**Data below:**
◇ ◇ ◇ ◇ ◇ ◇ ◇

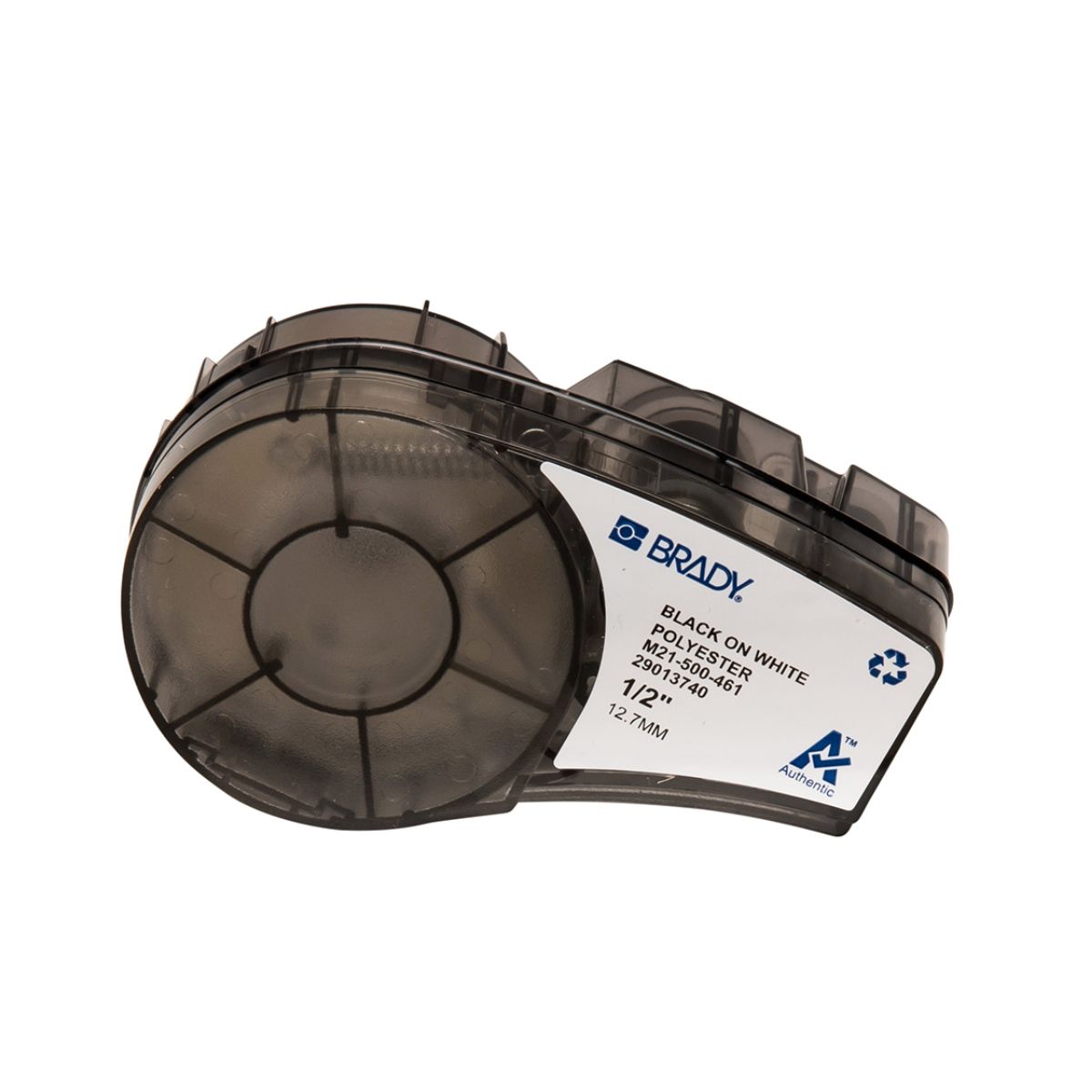 Etiqueta em poliéster autolaminado B461 da Brady, compatível com impressoras BMP21 Plus e BMP Lab. Na cor preto sobre branco, com largura de 0,500" (12,70 mm) e comprimento de 21' (6,4 m), proporciona identificação robusta e durável para cabos e fios médios, oferecendo proteção extra contra abrasão, produtos químicos e desgaste ambiental.
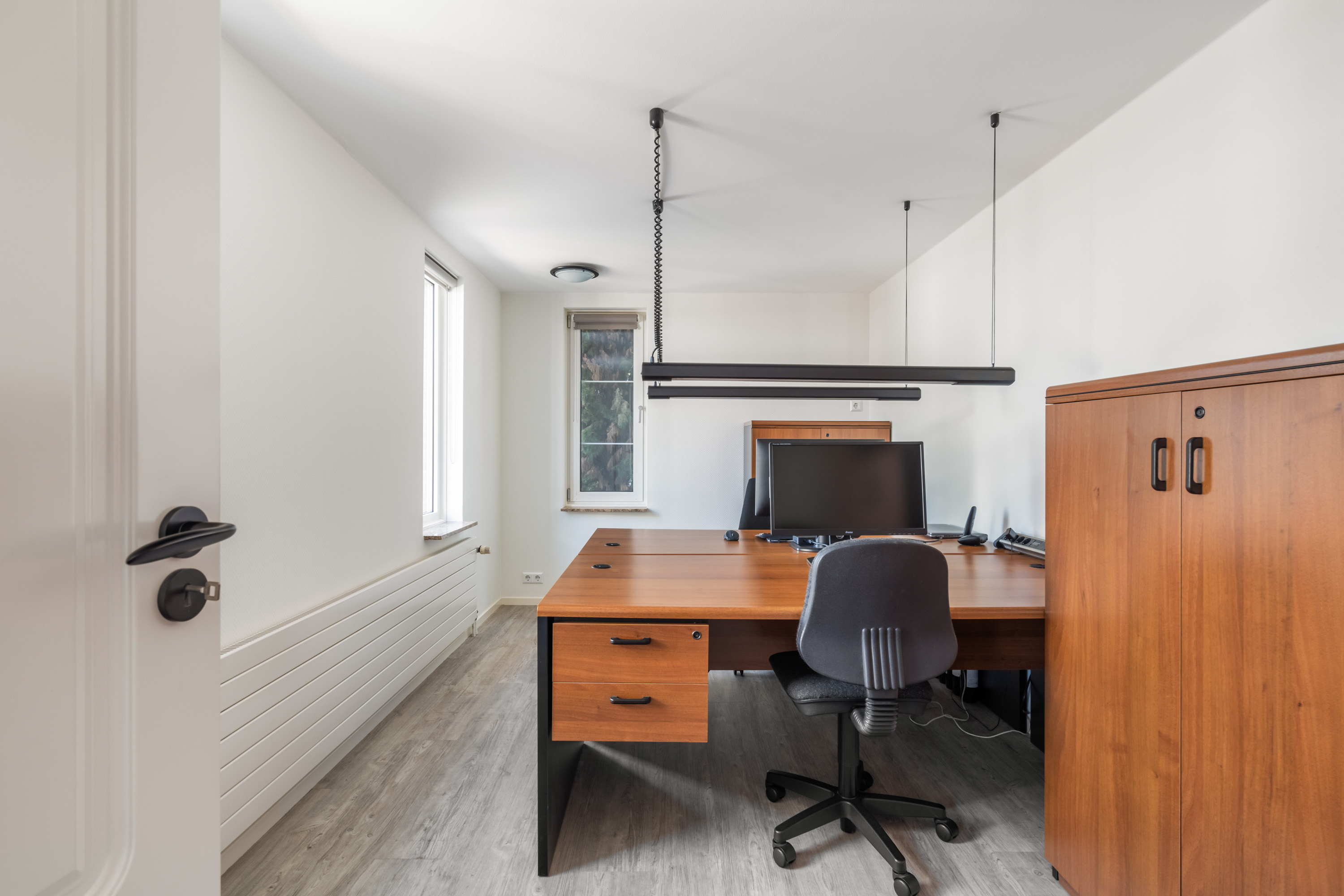 At the rear of the house, you'll find a spacious and light-filled office with PVC flooring and windows on all sides. Ideal for working from home, a private practice, or creative hobbies. This space is accessible via the side entrance, making it perfect for business visitors.
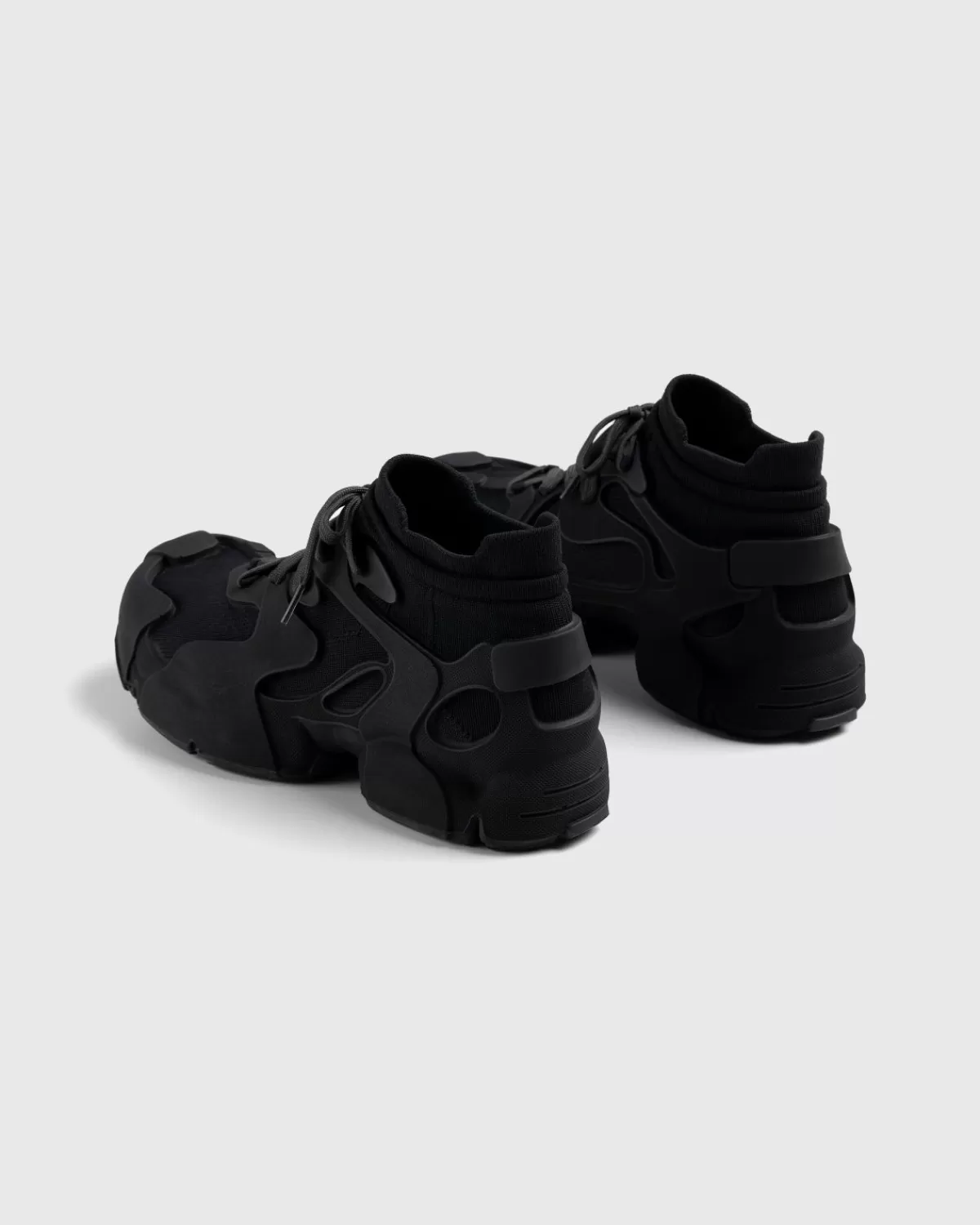 De Tossu Is Een Futuristische Sneaker Van Camperlab, Eentje Die Volledig Recyclebaar Is. Het Silhouet Is Gemaakt Zonder Stiksels Of Lijm En Heeft Een Buitenste Kooi Die Een 3D-Gebreide, Waterafstotende Sok Omhult Die Is Gemaakt Van Gerecycled Pet. Het Buitenste Gedeelte Zorgt Voor Structurele Stabiliteit In Het Ontwerp, Terwijl De Binnenste Laars Een Sokachtige Pasvorm Creëert. De Sneaker Is Vrij Van Drukke Exterieurmerken Om Een Strakkere Algehele Look Te Creëren.

◇ ◇ ◇ ◇ ◇ ◇ ◇

Transcribe the whole listing exactly but exclude images.

**Solution to this exercise:**
 Etiqueta em poliéster autolaminado B461 da Brady, compatível com impressoras BMP21 Plus e BMP Lab. Na cor preto sobre branco, com largura de 0,500" (12,70 mm) e comprimento de 21' (6,4 m), proporciona identificação robusta e durável para cabos e fios médios, oferecendo proteção extra contra abrasão, produtos químicos e desgaste ambiental.
 At the rear of the house, you'll find a spacious and light-filled office with PVC flooring and windows on all sides. Ideal for working from home, a private practice, or creative hobbies. This space is accessible via the side entrance, making it perfect for business visitors.
 De Tossu Is Een Futuristische Sneaker Van Camperlab, Eentje Die Volledig Recyclebaar Is. Het Silhouet Is Gemaakt Zonder Stiksels Of Lijm En Heeft Een Buitenste Kooi Die Een 3D-Gebreide, Waterafstotende Sok Omhult Die Is Gemaakt Van Gerecycled Pet. Het Buitenste Gedeelte Zorgt Voor Structurele Stabiliteit In Het Ontwerp, Terwijl De Binnenste Laars Een Sokachtige Pasvorm Creëert. De Sneaker Is Vrij Van Drukke Exterieurmerken Om Een Strakkere Algehele Look Te Creëren.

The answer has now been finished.